**Provided material**
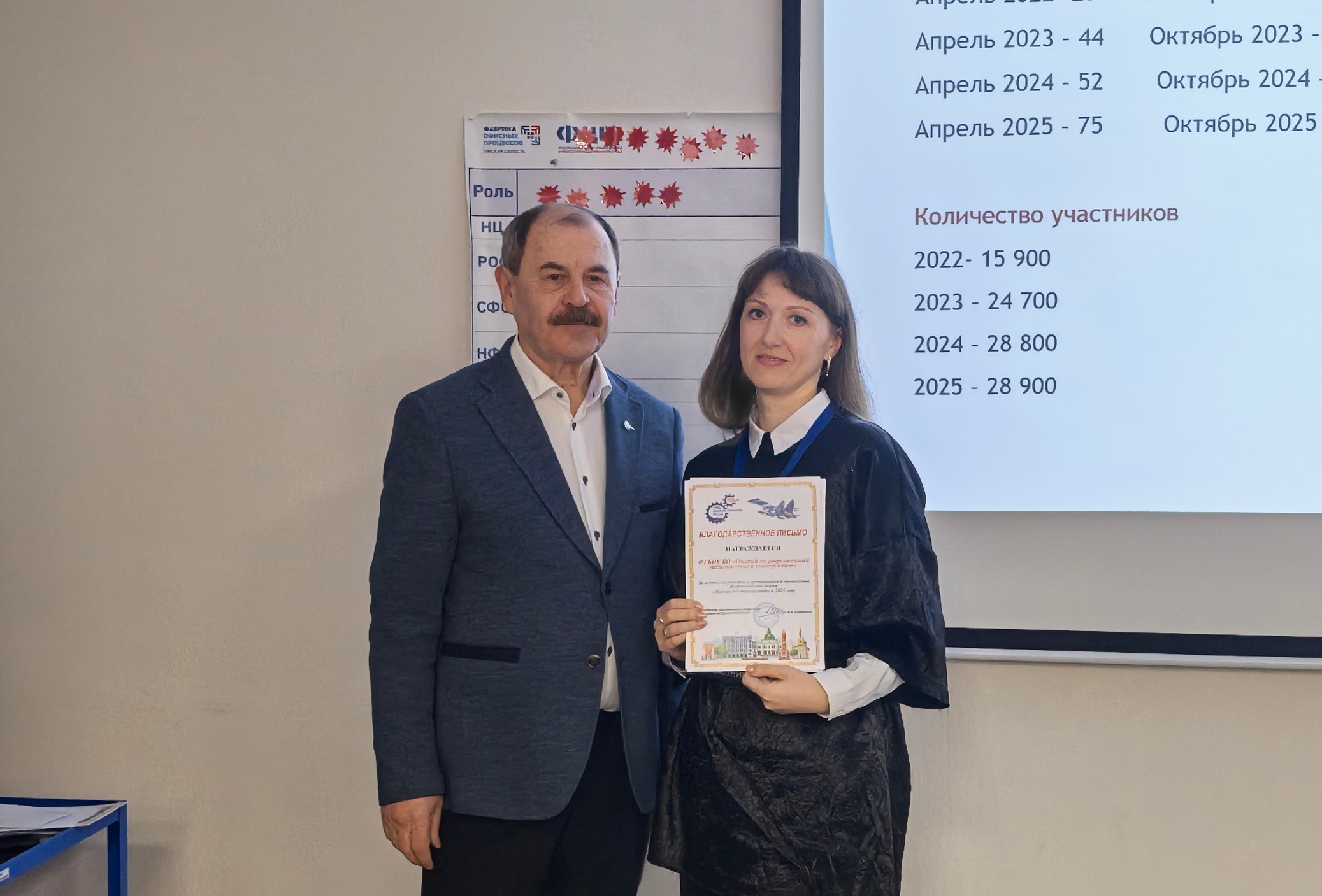 За активное участие в проведении акции и вклад в трудовое воспитание подрастающего поколения первый заместитель председателя ОРО «СоюзМаш» России Владимир Нефедович Дорохин вручил ОмГПУ благодарственное письмо.
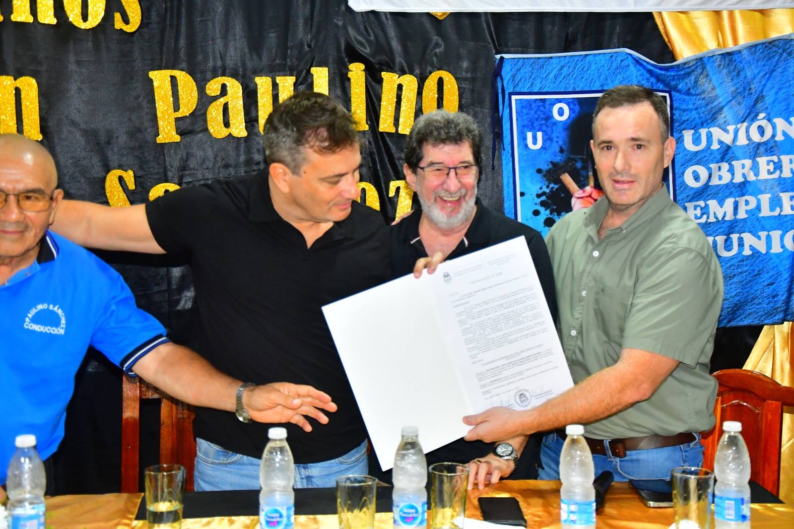 El secretario de Gobierno, Ismael Pablo Barnes, participó del acto acompañando al flamante secretario general del gremio municipal, Paulino Sánchez, y al secretario general de la Confederación de Trabajadores Municipales de la República Argentina, Hernán Diego Doval, en el marco de un plenario que reunió a referentes de la región NEA.
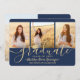 Compartilhe a alegria de um segundo grau ou formandos com anúncios personalizados de marinho de colagem de 4 fotos, azuis e dourados, descarregáveis. As imagens e todos os textos deste modelo digital são simples de personalizar com quaisquer detalhes de sua escolha, como informações sobre convites de festas, nomes de pais, honras especiais, título de grau, citação inspiracional favorita, informações de contato do formando ou planos para o futuro. (DICA DE IMAGEM: Uma maneira fácil de centralizar uma foto exatamente como você deseja é recortá-la antes de carregá-la no site do Zazzle.) O design apresenta a tipografia moderna, a caligrafia de script de tendências de chic com um boné de conselho de morteiro e quatro fotos de sua escolha, como fotos de mais velho ou imagens da cerimônia de início. Observe que o ouro é impresso a cor, não a folha metálica. Estes cartões de anúncio de na moda são uma maneira elegante de compartilhar uma celebração especial de dia com a família e os amigos. Parabéns ao formando!
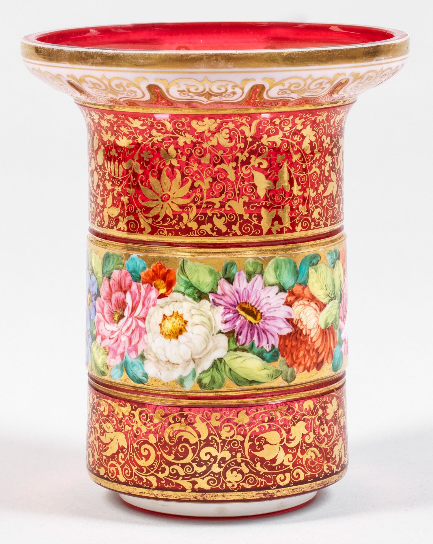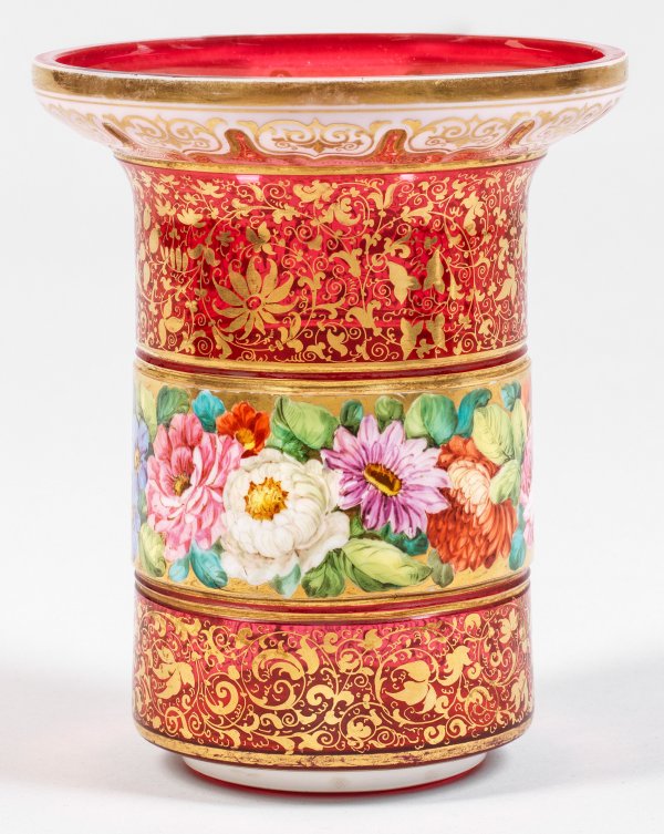 Böhmische Spätbiedermeier-Vase Farbloses Glas, rosalinfarbener Unterfang, opaker, weißer Zinnemailüberfang. Zylindrische Becherform mit abgesetztem Lippenrand. Reicher, flächendeckender Dekor, geschliffen sowie in Gold- und polychromer Emailmalerei. Auf dem Korpus ein abgesetztes Friesband mit Rosen, der Fond mit üppigem Arabesken. Am Lippenrand eine geschliffene Bogenbordüre mit Goldmalerei. H. 19,8 cm.
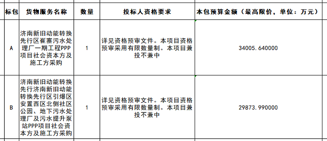 近日,中國政府采購網(wǎng)發(fā)布山東省濟南市先行區(qū)污水處理廠PPP項目社會資本方及施工方采購資格預審公告,采購項目共2個,A標包為濟南新舊動能轉(zhuǎn)換先行區(qū)崔寨污水處理廠一期工程PPP項目社會資本方及施工方采購,預算金額34005.64萬元,B標包為濟南新舊動能轉(zhuǎn)換先行濟南新舊動能轉(zhuǎn)換先行區(qū)引爆區(qū)安置西區(qū)北側(cè)社...
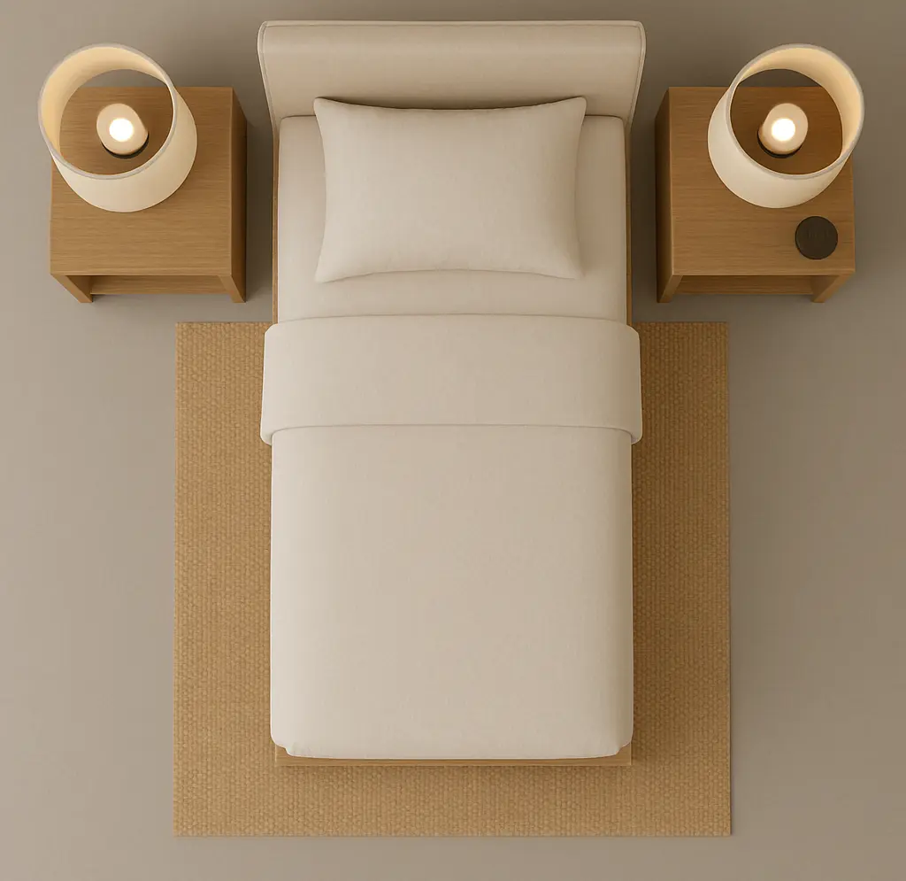 Cama individual: 120×180 cm o 150×240 cm, sobresaliendo 90–120 cm para apoyar los pies cómodamente.
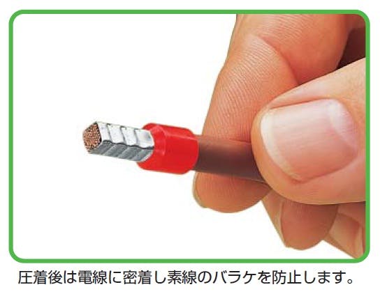 ●カラー…レッド●適用電線…1.0m平方m●先端サイズ…φ1.5×10mm●カラー部内径…3.0mm●全長…16.5mm●入数…100個●材質…フェルール:電気銅(錫メッキ)、絶縁体:ポリプロピレン●対応圧着ペンチ…EA538KD、EA538KC-2、EA538KH-16●圧着後は電線に密着し素線のバラケを防止します。●RoHS対応品
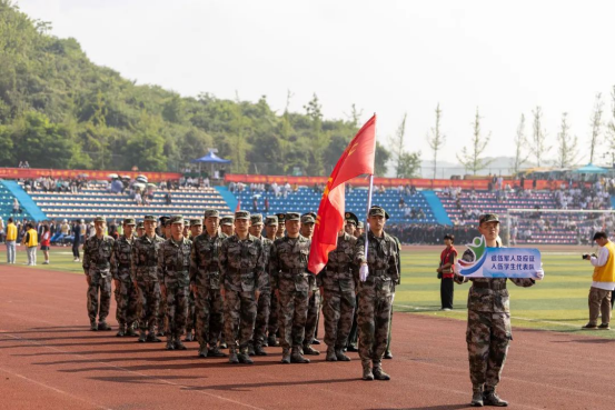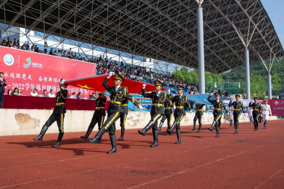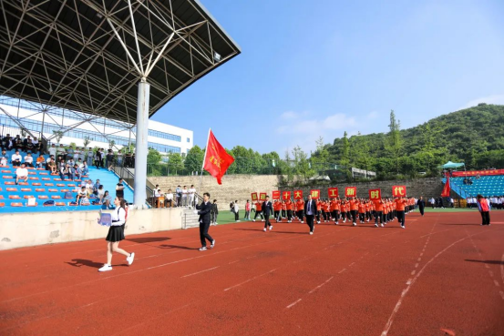 入场仪式上,国旗队、校旗队、会旗队、裁判员代表队、退役军人代表队、学生组织及留学生队及各系代表队迈着整齐的步伐、喊着响亮的口号依次入场,饱满的精神赢得了在场师生的阵阵掌声。值得一提的是各系方阵中,道路桥梁工程系的小推车和测量工具、汽车系工程系的汽车轮胎、轨道工程系的列车模型在彰显系部办学特色的同时,也给全场师生留下了深刻的印象。
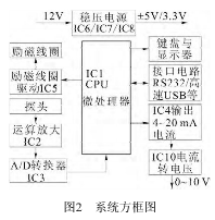 裝置采用模塊(裝置采用模塊(STM32F217STM32F217)來控制電磁流量)來控制化工污水流量計選型的工作,包括產(chǎn)生勵磁脈沖方波信號、接收從探頭計的工作,包括產(chǎn)生勵磁脈沖方波信號、接收從探頭送來的反映流量大小的微弱電信號、輸出送來的反映流量大小的微弱電信號、輸出4~20mA電流信號供指示儀表用,模塊附帶有各類接口電路電流信號供指示儀表用,模塊附帶有各類接口電路(RS232、高速USB接口等)。裝置包括:接口等)。裝置包括:IC1單片機、IC2前置放大器、IC3A/DIC3A/D轉換器、IC4電壓轉電流模塊、IC5勵磁線圈的驅動模磁線圈的驅動模塊電路、IC6電壓轉換模塊,以壓轉換模塊,以及USB快速接口電路、IC9芯片與周圍元件組片與周圍元件組成的RS232接口等電路。方框口等電路。方框圖如圖2所示。
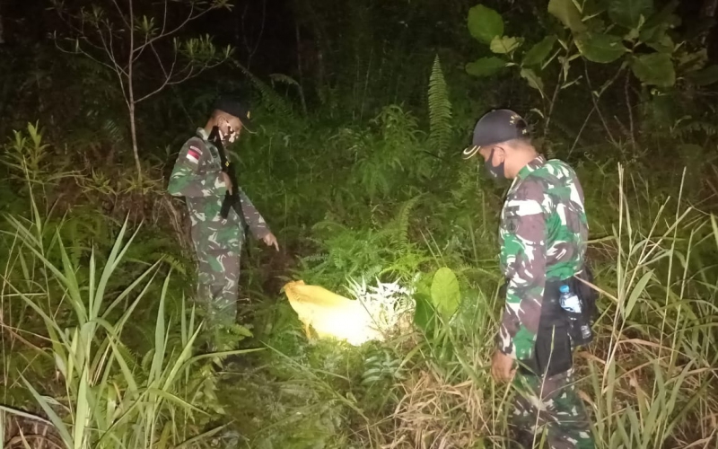 Selanjutnya anggota Pos Kotis melakukan penyisiran disekitar jalan tikus arah perbatasan dan menemukan sebuah karung yang ditutupi dedaunan kemudian Letda erick memerintahkan untuk membuka karung tersebut setelah karung tersebut dibuka ternyata kantong tersebut berisikan 48 Botol Miras Merk Benson.
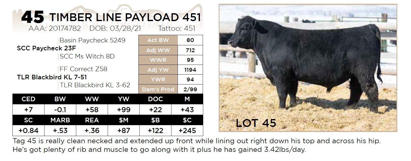 He’s got plenty of rib and muscle to go along with it plus he has gained 3.42lbs/day.
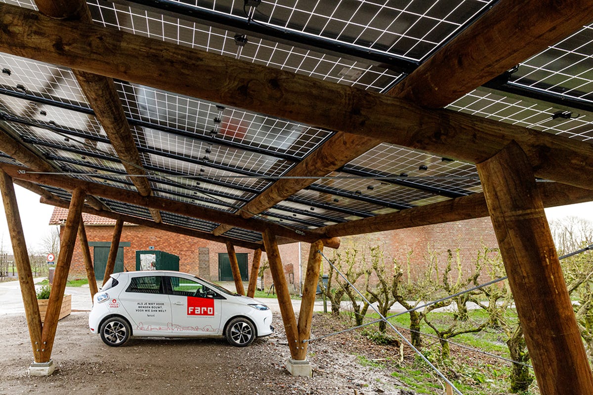 Met dit project voorziet FARO in haar volledige elektriciteitsbehoefte, inclusief overstap naar verwarming met warmtepomp. En het mooie van het landgoed is: we kunnen de pieken van de stroomopwekking direct kwijt bij de andere gebruikers op het landgoed. Samen vormen we een modern smart-grid! Met deze carport maken we zo een eerste stap richting Olmenhorst-energie, een project voor de langere termijn om in de hele energievoorziening van het landgoed duurzaam te voorzien.
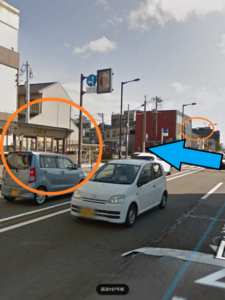 (有松方面からきた場合は道の反対側のバス停に降りますので、押しボタン信号の横断歩道を渡ってきてくださいね)
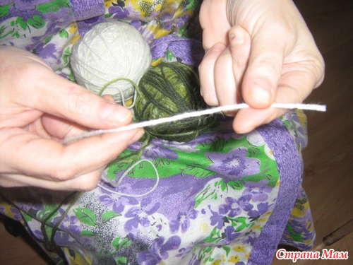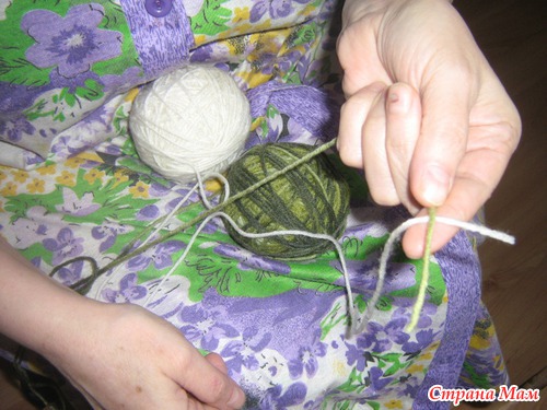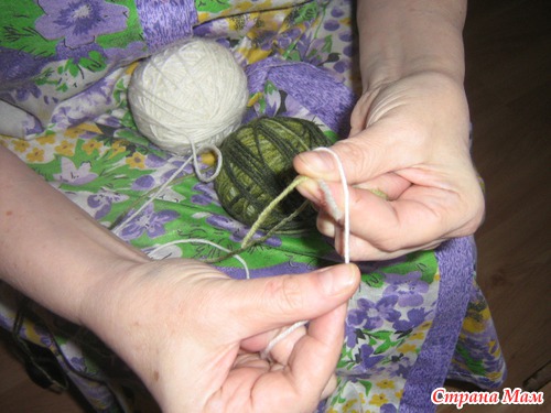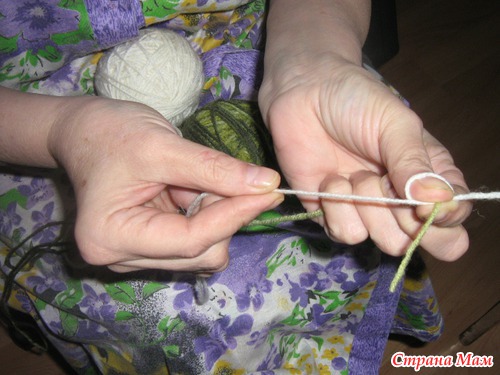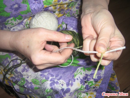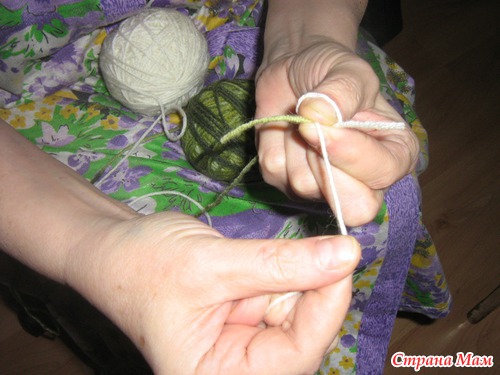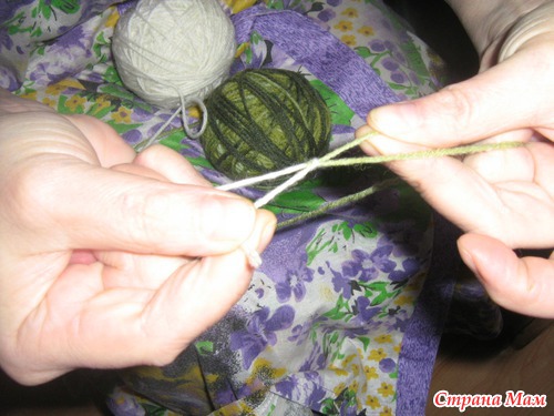 Девочки, может быть кому пригодится. При вязании часто приходится связывать нити. Хочу поделиться как это сделать, чтобы узел был аккуратным и очень тонким. Меня научила мама, которая всю жизнь проработала на текстильном комбинате. Берем концы нитей, которые необходимо связать. Первую кладем на указательный палец, чтобы кончик смотрел влево, вторую нить кладем сверху, конец смотрит вправо. Обе нити придерживаем большим пальцем левой руки. Обе нити лежат на указательном пальце крест накрест. Берем нить, которая лежит снизу и обматываем ею, прокладывая нить по большому пальцу, обе нити по часовой стрелке. Затем, этой же нитью еще раз обматываем вторую нить, ту которая лежит сверху и смотрит вправо. После этого берем нить, которую обматали по часовой стрелке, и подгибаем в петлю, которая образована на большом пальце. Придерживая оба конца нитей, растягиваем их в разные стороны. Узел готов. Конечно, сразу не получится, но потренировавшись можно научиться.

**What the task requires**
Only these lines belong in the answer: the first line of the listing above through the line holding "Cama individual: 120×180", printed exactly and without pictures.

**Written solution**
 За активное участие в проведении акции и вклад в трудовое воспитание подрастающего поколения первый заместитель председателя ОРО «СоюзМаш» России Владимир Нефедович Дорохин вручил ОмГПУ благодарственное письмо.
 El secretario de Gobierno, Ismael Pablo Barnes, participó del acto acompañando al flamante secretario general del gremio municipal, Paulino Sánchez, y al secretario general de la Confederación de Trabajadores Municipales de la República Argentina, Hernán Diego Doval, en el marco de un plenario que reunió a referentes de la región NEA.
 Compartilhe a alegria de um segundo grau ou formandos com anúncios personalizados de marinho de colagem de 4 fotos, azuis e dourados, descarregáveis. As imagens e todos os textos deste modelo digital são simples de personalizar com quaisquer detalhes de sua escolha, como informações sobre convites de festas, nomes de pais, honras especiais, título de grau, citação inspiracional favorita, informações de contato do formando ou planos para o futuro. (DICA DE IMAGEM: Uma maneira fácil de centralizar uma foto exatamente como você deseja é recortá-la antes de carregá-la no site do Zazzle.) O design apresenta a tipografia moderna, a caligrafia de script de tendências de chic com um boné de conselho de morteiro e quatro fotos de sua escolha, como fotos de mais velho ou imagens da cerimônia de início. Observe que o ouro é impresso a cor, não a folha metálica. Estes cartões de anúncio de na moda são uma maneira elegante de compartilhar uma celebração especial de dia com a família e os amigos. Parabéns ao formando!
 Böhmische Spätbiedermeier-Vase Farbloses Glas, rosalinfarbener Unterfang, opaker, weißer Zinnemailüberfang. Zylindrische Becherform mit abgesetztem Lippenrand. Reicher, flächendeckender Dekor, geschliffen sowie in Gold- und polychromer Emailmalerei. Auf dem Korpus ein abgesetztes Friesband mit Rosen, der Fond mit üppigem Arabesken. Am Lippenrand eine geschliffene Bogenbordüre mit Goldmalerei. H. 19,8 cm.
 近日,中國政府采購網(wǎng)發(fā)布山東省濟南市先行區(qū)污水處理廠PPP項目社會資本方及施工方采購資格預審公告,采購項目共2個,A標包為濟南新舊動能轉(zhuǎn)換先行區(qū)崔寨污水處理廠一期工程PPP項目社會資本方及施工方采購,預算金額34005.64萬元,B標包為濟南新舊動能轉(zhuǎn)換先行濟南新舊動能轉(zhuǎn)換先行區(qū)引爆區(qū)安置西區(qū)北側(cè)社...
 Cama individual: 120×180 cm o 150×240 cm, sobresaliendo 90–120 cm para apoyar los pies cómodamente.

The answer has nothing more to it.